Limitations of the study

This study based the modified Delphi survey on what was claimed to be taught in pre-registration nursing programmes in Australia rather than invite respondents through the survey to identify what they thought was appropriate – this may have influenced the respondents. Secondly nursing is such a practical profession, and as here in Australia, nurses are comprehensively prepared the drive towards the competency based framework may lead respondents to believe that ‘skills’ alone are not important – this work begins to explore the connection between skills and competence and as such need further exploration.

The complex participant population in which nurses have more than one role makes it difficult to clearly articulate data around clinical backgrounds. This population reflected that diversity but there were still a relatively high population of acute care nurses.

Respondents, as one would expect, reflected their own clinical background and interests.

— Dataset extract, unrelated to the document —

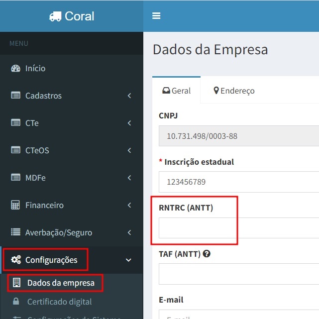 Caso 1: Para o caso de estar usando veículo próprio e não seja um transporte de carga própria então precisa ajustar o RNTRC da sua empresa, ou deixar em branco caso não tenha RNTRC. Para fazer isso vá no menu lateral em Configurações > Dados da Empresa e ajuste o campo RNTRC, destacado na imagem abaixo.

This however did not detract from what could be reasonably expected of a comprehensively prepared new graduate nurse in practice.

Ethics and consent

Ethical approval was sought and granted from the University of Wollongong Human Research Ethics Committee (Approval no. HE08/142).

Consent to publish

Not Applicable.

Availability of data and materials

Detailed data will not be shared due to the confidential nature of the way that the data has been managed.